The last couple days I have written about my new enterprise, submitting two line jokes based on news articles to a local sketch comedy show. Saturday I wrote of getting into it and yesterday of having a joke accepted. That second post was titled "Few Will Win", and little did I know how appropriate that would be for today's post. Of course I knew it was possible that my joke or jokes would be cut or manhandled, but I don't know that I really expected it. I just thought my jokes were too good.
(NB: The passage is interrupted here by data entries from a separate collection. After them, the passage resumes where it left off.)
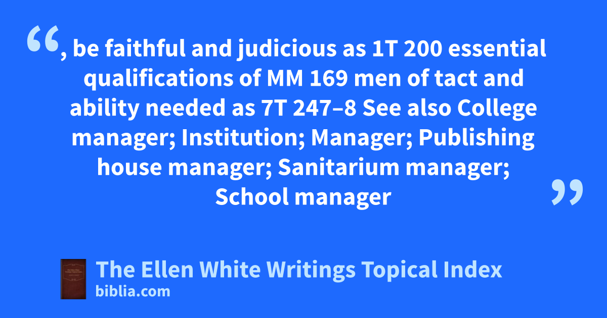 , be faithful and judicious as 1T 200 essential qualifications of MM 169 men of tact and ability needed as 7T 247–8 See also College manager; Institution; Manager; Publishing house manager; Sanitarium manager; School manager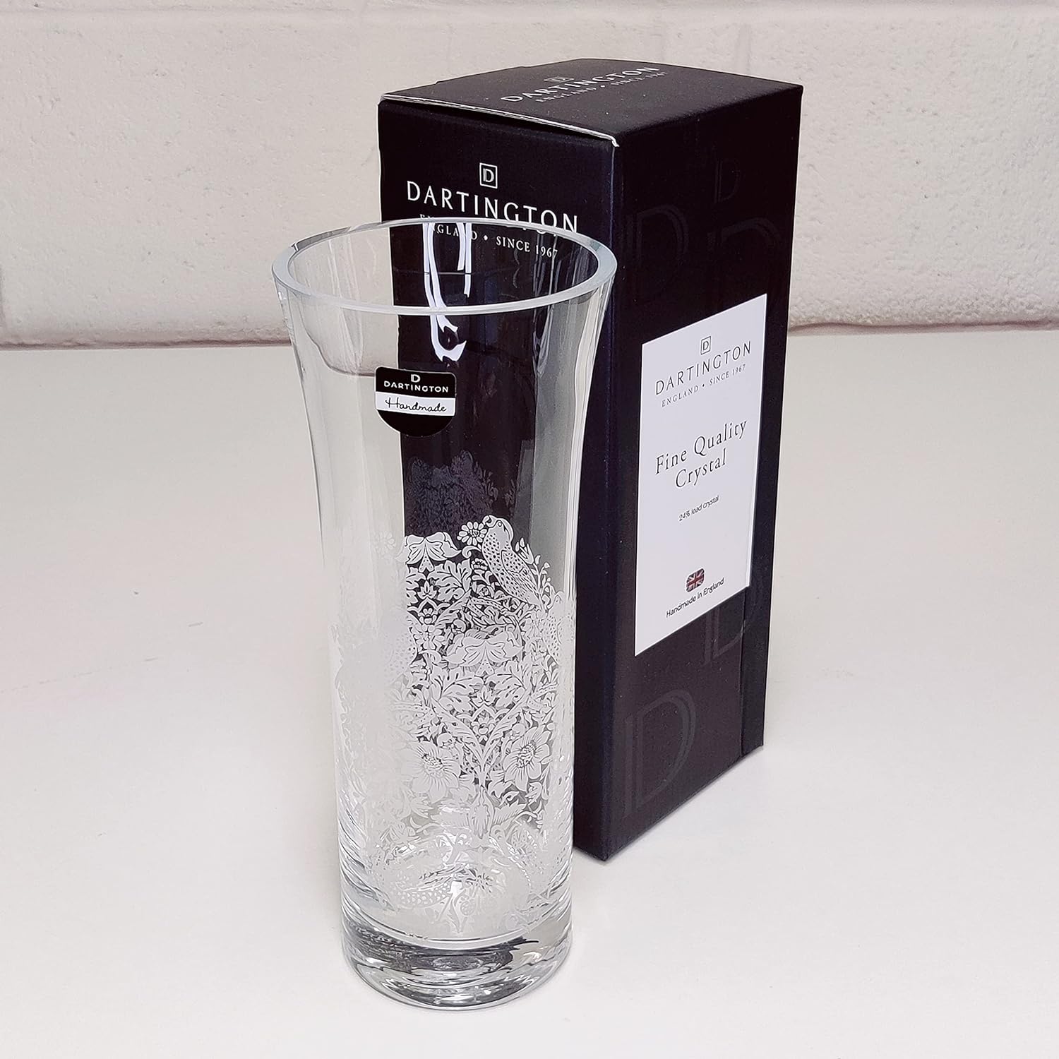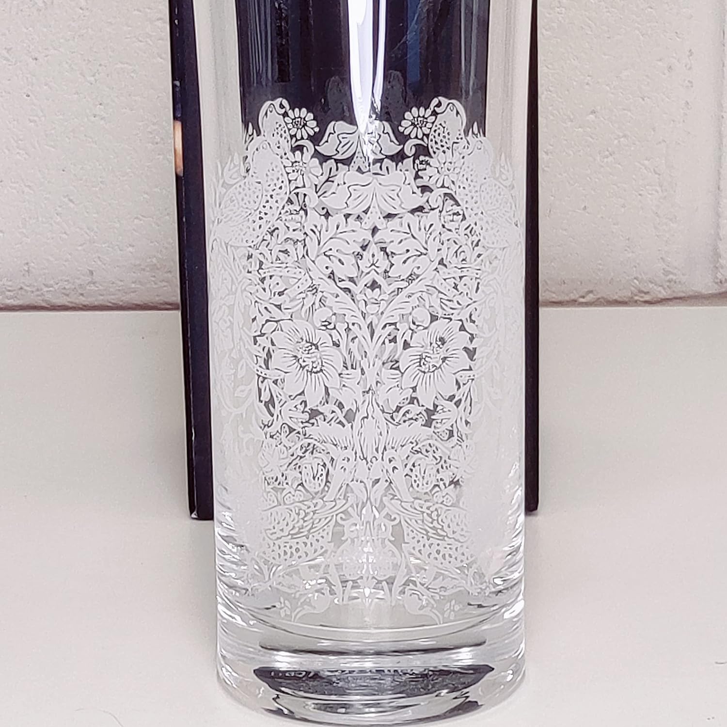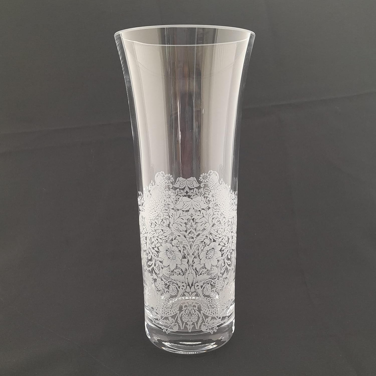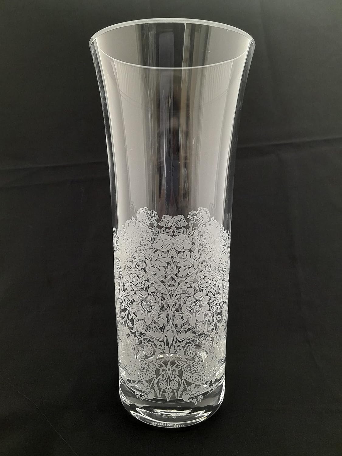 William Morris' Strawberry Thief Design is etched on this 24% lead crystal vase. This handmade vase is exclusive to Preshunt.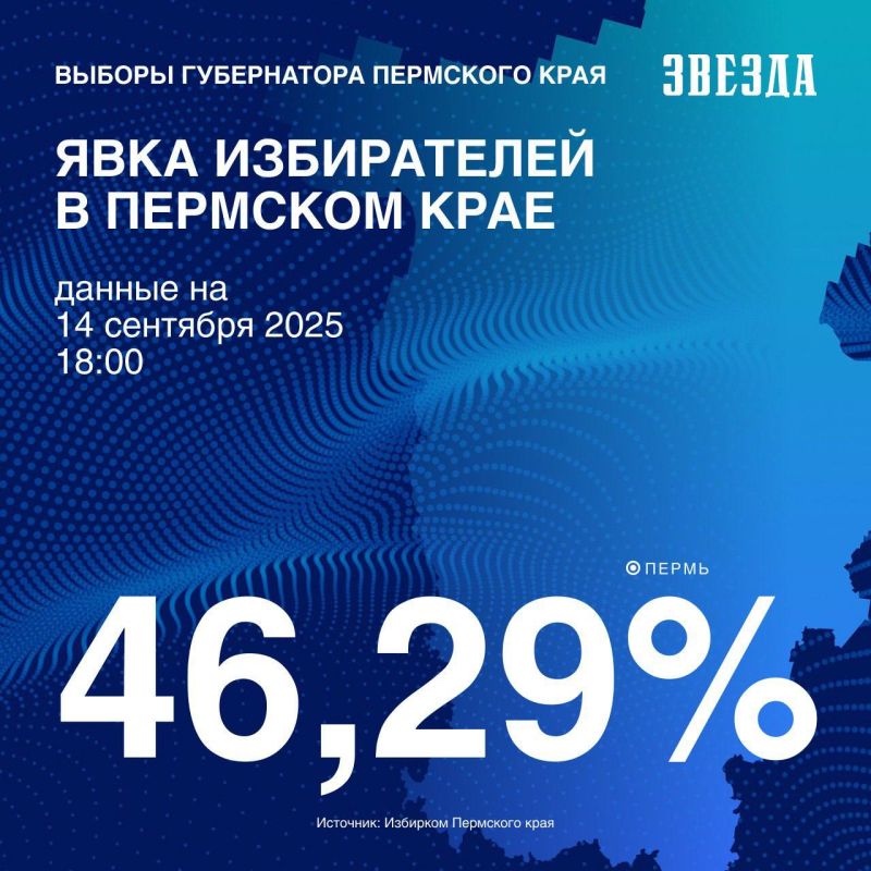 До окончания голосования на выборах губернатора Пермского края осталось менее получаса.По состоянию на 18:00 средняя явка в регионе с учётом дистанционного электронного голосования составила 46,29%, что соответствует 913 238 избирателям....

As it happened, no joke of mine was delivered as I wrote it. If I am being generous to myself, I will say that they used half of a joke of mine. They took the kernel inside and wrote a new shell to house it in. I can still see myself as having had a real achievement, but it's not so easy to feel the laughter in response to a joke that is only partly mine, and whose other part happened in my absence. I don't begrudge them doing what they must do to make the best show possible, of course.
I was, after the show finished, a little down. I was disappointed at the very least, and not as eager to socialize as I had thought I would be. I probably would have headed home immediately, as I had a relatively early morning ahead of me, but was encouraged to stay and get my spirits up on account of friends being there to see another show. That worked out fairly well, although I sagged anew after I parted ways with them.
I'm certainly not through with submitting the jokes, I ought to say. I did not have the full success that I wanted the first time out, but I had a partial success. I made a contribution and I got to see the show for free just like any other writer or performer they'd have. I'll keep plugging away, and when I do have a success, I'll know that it really means something. When I don't, I'll know not to beat myself up too much, and sometime or another, I'm certain I'll get to join their staff as a regular. I know I'm good enough.